Local network 615 and the Internet 618 both use electrical, electromagnetic or optical signals that carry digital data streams. The signals through the various networks and the signals on network link 614 and through communication interface 613, which carry the digital data to and from computer platform 601, are exemplary forms of carrier waves transporting the information.
Computer platform 601 can send messages and receive data, including program code, through the variety of network(s) including Internet 618 and LAN 615, network link 614 and communication interface 613. In the Internet example, when the system 601 acts as a network server, it might transmit a requested code or data for an application program running on client(s) 620 and/or 621 through Internet 618, gateway/firewall 617, local area network 615 and communication interface 613. Similarly, it may receive code from other network resources.
The received code may be executed by processor 605 as it is received, and/or stored in persistent or volatile storage devices 608 and 606, respectively, or other non-volatile storage for later execution. In this manner, computer system 601 may obtain application code in the form of a carrier wave.
It should be noted that the present invention is not limited to any specific firewall system. The inventive policy-based content processing system may be used in any of the three firewall operating modes and specifically NAT, routed and transparent.
Finally, it should be understood that processes and techniques described herein are not inherently related to any particular apparatus and may be implemented by any suitable combination of components. Further, various types of general purpose devices may be used in accordance with the teachings described herein. It may also prove advantageous to construct specialized apparatus to perform the method steps described herein. The present invention has been described in relation to particular examples, which are intended in all respects to be illustrative rather than restrictive. Those skilled in the art will appreciate that many different combinations of hardware, software, and firmware will be suitable for practicing the present invention. For example, the described software may be implemented in a wide variety of programming or scripting languages, such as Assembler, C/C++, perl, shell, PHP, Java, etc.

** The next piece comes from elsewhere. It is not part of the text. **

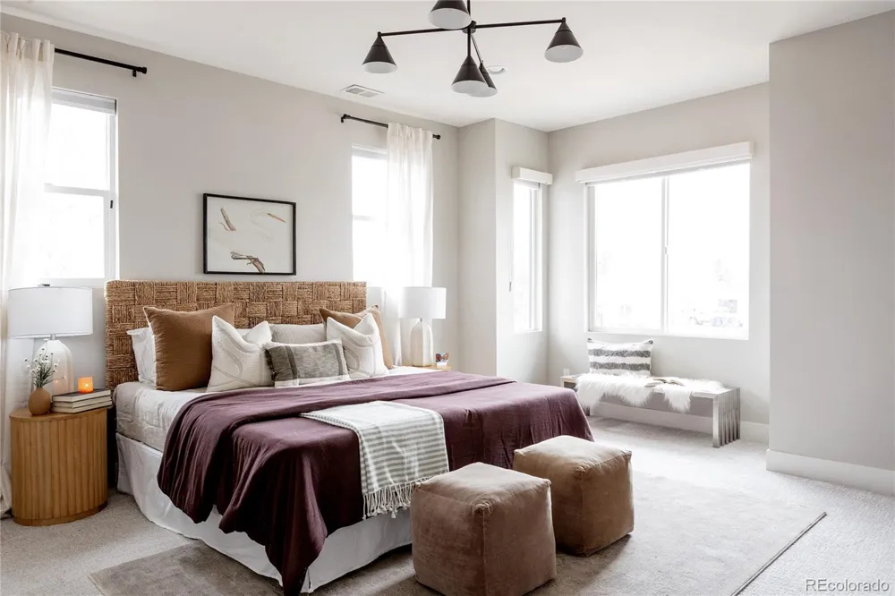 Light, bright, and airy, this south Englewood home offers clean modern style and a layout that truly works for everyday living. The open main level is filled with natural light from oversized windows, with high ceilings and solid wood floors that create a warm, cohesive feel throughout the great room, dining area, and kitchen. A fireplace anchors the living space and adds just the right amount of comfort and character. The kitchen is crisp and contemporary with white quartz countertops, LG stainless steel appliances, and generous prep space, all flowing easily into the main gathering areas for simple entertaining and daily life. One of the standout features is the upper level, with three generous bedrooms on the same floor. The primary suite includes a large walk-in closet by California Closets and a spacious, spa-inspired bath with custom tile and a glass block door. Two additional large bedrooms, a full bath, and upstairs laundry make the layout especially functional and convenient. The fenced backyard offers room for a fire pit, pets, and outdoor dining, with sprinkler systems in both the front and back for easy maintenance. A detached two-car garage with extra-high ceilings provides excellent storage potential. Located near South Broadway, you are moments from local dining, coffee shops, and some of the city’s most fun neighborhood spots, making it easy to enjoy both quiet residential living and Denver’s best urban experiences. Welcome home

Moreover, other implementations of the invention will be apparent to those skilled in the art from consideration of the specification and practice of the invention disclosed herein. Various aspects and/or components of the described embodiments may be used singly or in any combination in the computerized systems for archiving web resources. It is intended that the specification and examples be considered as exemplary only, with a true scope and spirit of the invention being indicated by the following claims.